В детских домах лагерным детям не всегда жилось лучше. Помимо них, там оказывались дети из другой многочисленной категории – те, кого сразу отвезли в детский дом после ареста родителей. Как правило, эти детские дома были страшно переполнены, грязны и недоукомплектованы персоналом. Многие дети там умирали. Одна бывшая заключенная вспоминала, как из ее лагеря отправили одиннадцать детей в спецдетдома Архангельска.

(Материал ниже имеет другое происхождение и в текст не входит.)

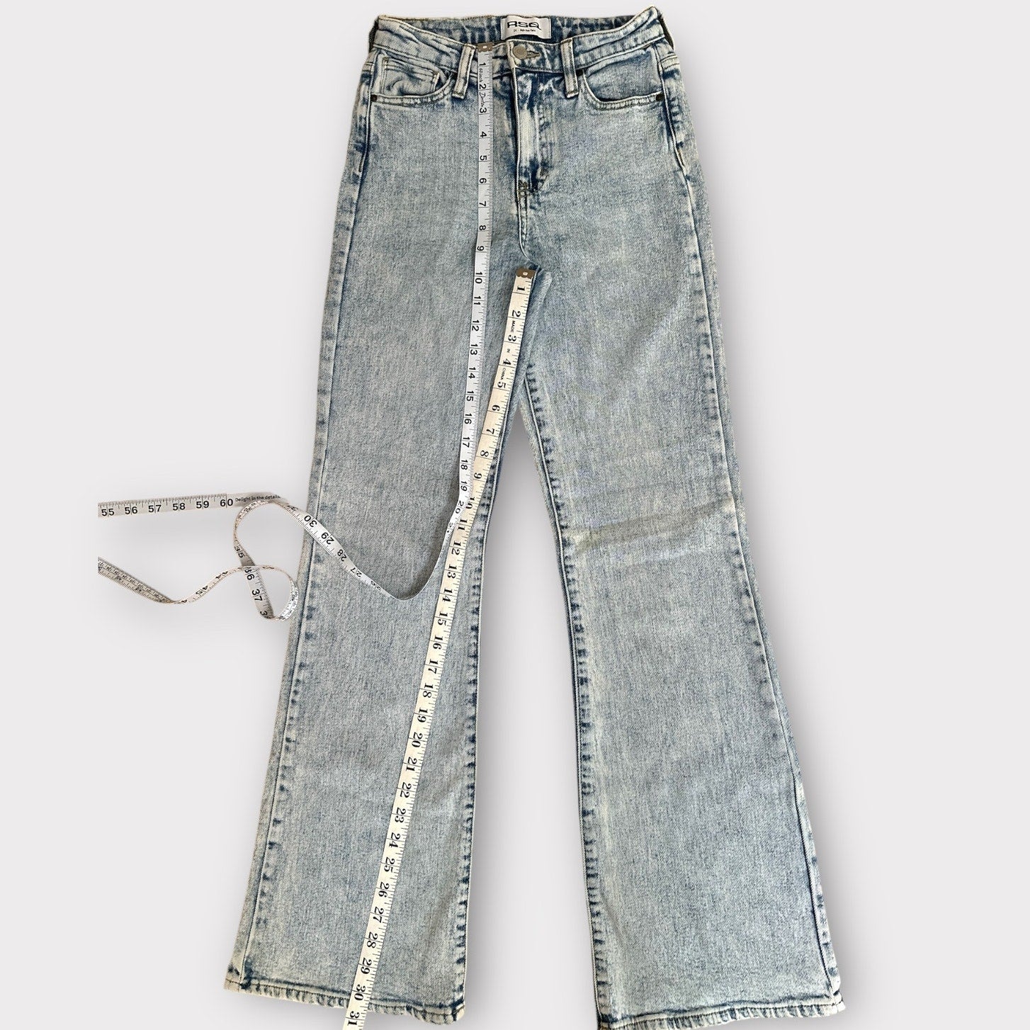 Step back in time with these fun and flirty 90's style RSQ High Rise Flare Jeans! The acid wash light blue denim gives off a trendy, vintage vibe. Perfect for adding a touch of retro flair to any outfit.

Потом, после многократных запросов о судьбе детей, их матери получили официальный ответ, что все они погибли во время эпидемии [1160]. В 1931 году, в разгар коллективизации, начальники детприемников Урала писали отчаянные письма в местные органы власти. Они просили помочь им позаботиться о тысячах “кулацких” детей – новых сирот:
В комнате 12 кв. метров находятся 30 мальчиков; на 38 детей 7 коек, на которых спят дети-рецидивисты. Двое восемнадцатилетних обитателей изнасиловали техничку, ограбили магазин, пьют вместе с завхозом, сторожиха скупает краденое.
Дети сидят на грязных койках, играют в карты, которые нарезаны из портретов вождей, дерутся, курят, ломают решетки на окнах и долбят стены с целью побега [1161].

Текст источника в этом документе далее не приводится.